Safety Considerations
Detailed safety data (package insert warnings, contraindications, and drug interaction data) were not available in this evidence pack. The following considerations are drawn from publicly known information about this compound:
- Historical neurological concern: Systemic use of clioquinol was associated with subacute myelo-optic neuropathy (SMON) in Japan (1960s–1970s), which led to the withdrawal of oral formulations in most countries. Topical formulations are generally considered to have a different safety profile due to limited systemic absorption, but this should be verified.

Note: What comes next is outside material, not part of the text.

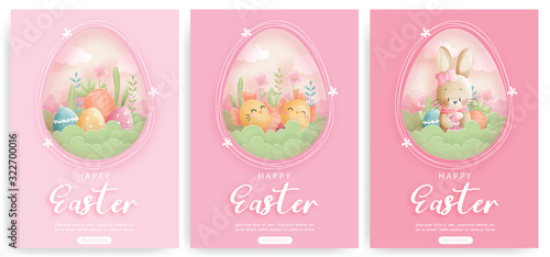 Fototapeta premium Easter card with cute bunny and chicken in paper cut style. Vector illustration

- Topical absorption: Although systemic absorption via intact skin is low, absorption through broken or inflamed skin is possible.
Please refer to the package insert and regulatory guidance for complete safety information before any clinical consideration.
Conclusion and Next Steps
Decision: Hold
Rationale: Although clioquinol has a biologically plausible antifungal mechanism (metal chelation targeting Candida metalloenzymes) and historical clinical use in combination topical preparations for cutaneous candidiasis, all supporting literature dates from the 1970s–1980s and involves combination products rather than clioquinol monotherapy. There are no registered clinical trials, and the drug has no Singapore market presence, making regulatory and clinical development pathways unclear.

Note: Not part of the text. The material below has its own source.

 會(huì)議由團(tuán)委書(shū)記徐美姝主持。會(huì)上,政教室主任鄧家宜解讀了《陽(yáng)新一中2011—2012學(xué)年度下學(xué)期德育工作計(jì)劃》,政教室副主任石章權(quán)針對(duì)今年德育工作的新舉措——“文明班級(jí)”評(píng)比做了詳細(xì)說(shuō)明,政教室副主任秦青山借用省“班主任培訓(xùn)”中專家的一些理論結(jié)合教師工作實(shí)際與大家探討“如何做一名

To proceed, the following is needed:
- Mechanism of action data: Formal DrugBank/literature review to confirm the metal chelation mechanism and its relevance to C. albicans specifically
- Modern safety assessment: Systematic review of topical safety profile, including systemic absorption risk via inflamed/broken skin in candidiasis patients
- Regulatory status clarification: Confirm global regulatory status of topical clioquinol preparations and whether any jurisdiction maintains an approved topical indication
- Comparative efficacy data: Head-to-head comparison with current standard-of-care topical antifungals (e.g., clotrimazole, miconazole) — clioquinol would need to demonstrate a meaningful advantage to justify further development
- Formulation feasibility: Assess whether a standalone clioquinol topical preparation (not in combination) is viable, given that all historical preparations used it in fixed-dose combinations
- Singapore registration pathway: If evidence supports continuation, consult HSA on the regulatory pathway for a product with no current Singapore registration
Disclaimer
This content is for research purposes only and does not constitute medical advice. Clinical validation is required before any clinical application.